Heitman has long invested in what the Americans call multi-family dwellings, or what we call a block of apartments, as well as seniors dwellings and student housing, which are all growth areas of the property market. It has both debt and equity strategies.

Smedley’s visit followed one to Japan, Korea and Hong Kong, where he also spoke about “living strategies”. One of the good things about the three main components of “living” – multi family, which can be for rental or purchase, seniors and student – is they are complementary with different risk/return characteristics. Heitman has put them together in Europe for a new fund: the Heitman Living Sector Investment Vehicle for Income and Growth (LIVING).

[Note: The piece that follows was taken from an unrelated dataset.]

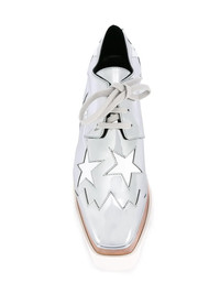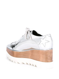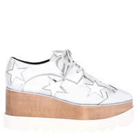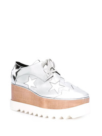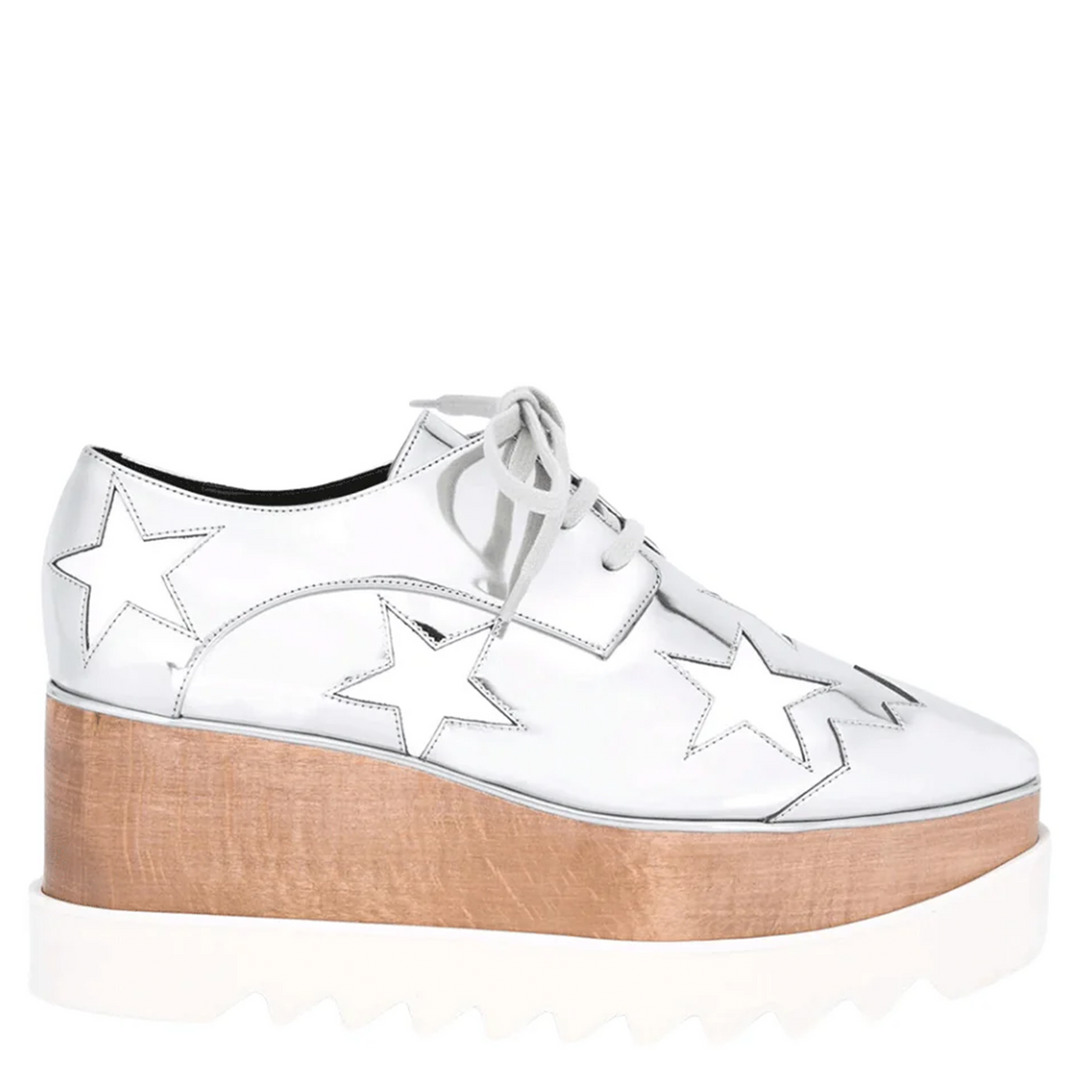Stella McCartney Elyse Stars Mirror Lace Up Flatform Elevate your fashion game to celestial heights with the Stella McCartney Elyse Stars Mirror Lace up Flatforms. Unleashing your stellar style, the mirror design adds a touch of cosmic charm. With a pair, step into the spotlight and shine with every stride. - Artificial leather - Silver - Derby-style shoes - Wooden platform with contrast chunky sole - Rubber sole

For Europe, a lot of multi-family dwellings are not only rental properties but also heavily regulated in countries such as Germany, France and the Netherlands. They provide stability within a component of a balanced “living” portfolio, Smedley says. More growth can be obtained through free-market residential in the UK, also Spain, and in Ireland. Student accommodation and senior housing or care, fit within the concept of “solution”.

The fund aims to have a balance across those sub-sectors plus some room for investments in less mature residential markets such as Italy, Austria, Belgium/Luxemburg and the Nordics.

Smedley said on his visit to Sydney that people were looking for new growth engines but it was late in the property cycle, as well as equity and fixed income cycle for that matter. “So, we are more comfortable investing in defensive sectors and are underweight the more cyclical property sub-sectors… Living is supported by long-term investment themes such as urbanisation and demographic change.”

Beau Titchkosky, Heitman managing director, client service and marketing, for Australia and NZ, said that the firm was finding that Australian funds tended to be at their target weights for domestic real estate and some were now looking for international exposures. Real estate which had an income bias was particularly attractive in the current interest rate environment, he said.

Smedley said that living-sector real estate tended to be less affected by political events, such as Brexit. “The long term returns are less volatile and are more sustainable than cyclical market sectors,” he said.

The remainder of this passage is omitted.